It was spring of 1985 almost time for summer break. Thoughts of the family cottage begin to take control. With every year holds mystery and adventure. Family outings short trips to town. This year I felt things were going to be different. Sometimes I would have these feelings almost if they were like butter fly’s in my stomach. With graduation looming never time for friends or love.
The weeks leading up to summer break I have never been so busy. Always rushing where ever I go, and then I meet someone out of the blue he is nice and very smart! A major in history and minor in English lit. A hopeless romantic perhaps but never talks about love, it’s the only thing I ever want to talk about.

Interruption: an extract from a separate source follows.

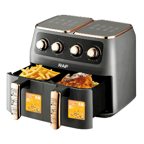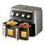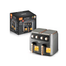 قلاية هوائية مزدوجة بقدرة 2800 واط مع سلتين غير لاصقتين سعة 6 لترات لكل منهما، وتقنية تدوير هواء 360°، وثرموستات قابل للتعديل ومؤقت ميكانيكي، مصممة للقلي الصحي مع تقليل الزيت وسهولة التنظيف - 12 لتر

It was just days away when I got the nerve to ask him up to the Family cottage. He smiled and says I would love to; the family would be away so I could be alone with him. I’ve never really been with anyone. It’s the only thing I can imagine now as the feelings in my stomach begin to worsen. The thought crosses my mind what ever will I do, never have I ever been in love before. Is this what they speak of “the feeling in the pit of my stomach” in emptiness?
Dressed in favorite summer dress he arrives I’ll take him on a walk through the forest, wanting to get lost with him. Trees blowing in the wind flowers still in bloom as we walk, he grabs my hand taking into his. As we talk the conversation begins with soft kisses. It was UN expected kiss, had it been the only thing I’ve ever thought about. It’s already beginning to be a hot summer, and then he kisses me again!
We stop for a moment, as we walk further into the forest. There seems to be no one around, the trail is coming to end. He turns to me and grabs my hand and kisses me again! He places the other hand on my inner thigh. I brace myself against the young oak tree. There is just a clearing ahead with wild flowers and tall grass, he kisses me again and takes my hand a leads me through the tall grass and wild flowers.